Records drawn from a dataset

[Start of Attachment]

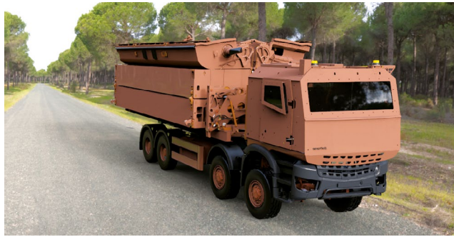
8x8 Military Standard Trucks ensure high maneuverability & less qualified personnel
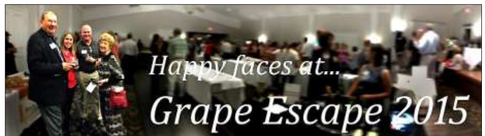
Happy faces at... Grape Escape 2015

← You're looking at some of the staff, two members of the board of directors, and a sampling of the 300 great kids currently being serviced by the Boys & Girls Club of the Muskegon Lakeshore, after only a few months in operation. Great things are happening there which you'll read about inside.
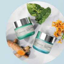
再生系列或 緊緻系列 面霜* Renewing or Firming Moisturizer

+73% 效果提高：幫助肌膚抵禦導致衰老跡象的外界壓力 better to help reduce the effect of stressors that contribute to signs of aging
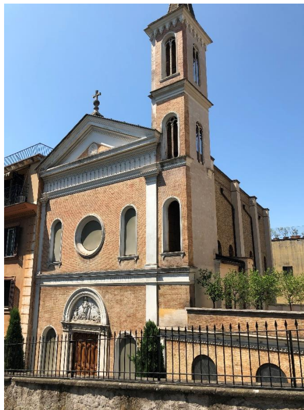
The chapel at the Resurrectionist Motherhouse.
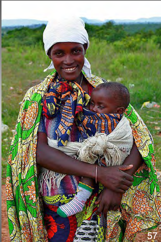
Beautiful unknown black beauty
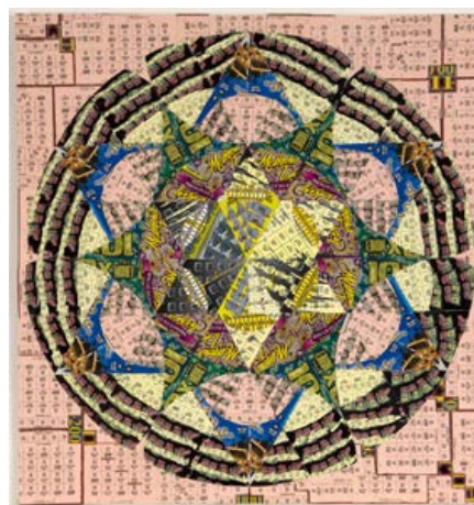
Image from Earth's Iron Core , 2008 $920 in used lottery tickets 24" x 28"

[End of Attachment]

YOUR GOAL
Repeat, exactly and with no pictures, each line from the line that holds "Beautiful unknown black beauty" through the last line of the records above.

REPLY
Beautiful unknown black beauty
Image from Earth's Iron Core , 2008 $920 in used lottery tickets 24" x 28"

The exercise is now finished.